Comparing the timing of gluten-free oats introduction in newly diagnosed celiac disease patients
A Randomized Controlled Trial to Evaluate Effect of Late vs Early Introduction of Gluten-free Oats on Symptomatic, Serologic and Disease Activity in Patients With Newly Diagnosed Celiac Disease.
NA · McMaster University · NCT05803408
This study tests whether introducing gluten-free oats early or late in the diet helps people newly diagnosed with celiac disease feel better and improve their health.
Quick facts
| Phase | NA |
|---|---|
| Study type | Interventional |
| Enrollment | 50 (estimated) |
| Ages | 18 Years and up |
| Sex | All |
| Sponsor | McMaster University (other) |
| Locations | 1 site (Hamilton, Ontario) |
| Trial ID | NCT05803408 on ClinicalTrials.gov |
What this trial studies
This pilot study aims to evaluate the effects of introducing gluten-free oats either early or late in the diet of patients recently diagnosed with celiac disease. Participants will be monitored for gut symptoms, nutritional status, celiac activity, and quality of life through questionnaires and clinical assessments. The study will also involve physical examinations and dietary analysis by a dietitian to ensure comprehensive data collection. The goal is to determine the feasibility of a larger study and gather preliminary data on the optimal timing for oat introduction in the diet of these patients.

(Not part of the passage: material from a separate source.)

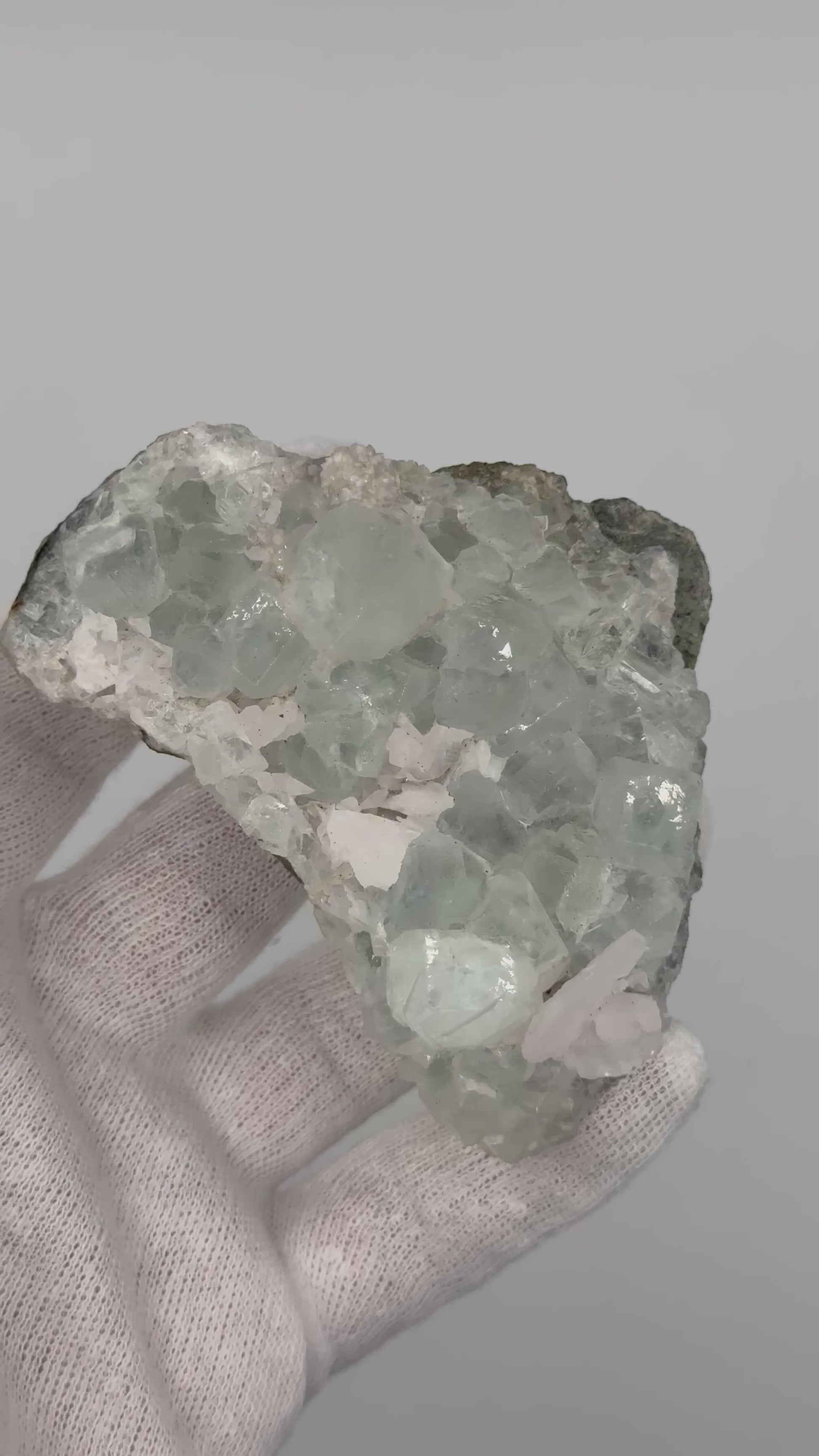 Stunning pale blue-light green Fluorite with Calcite from Xianghualing Mine, Chenzhou, Hunan, China.

Who should consider this trial
Good fit: Ideal candidates are individuals who have been recently diagnosed with celiac disease and are within three months of starting a gluten-free diet.
Not a fit: Patients who have already removed oats from their diet or have a history of allergic reactions to oats may not benefit from this study.
Why it matters
Potential benefit: If successful, this study could help optimize dietary recommendations for patients with celiac disease, potentially improving their quality of life.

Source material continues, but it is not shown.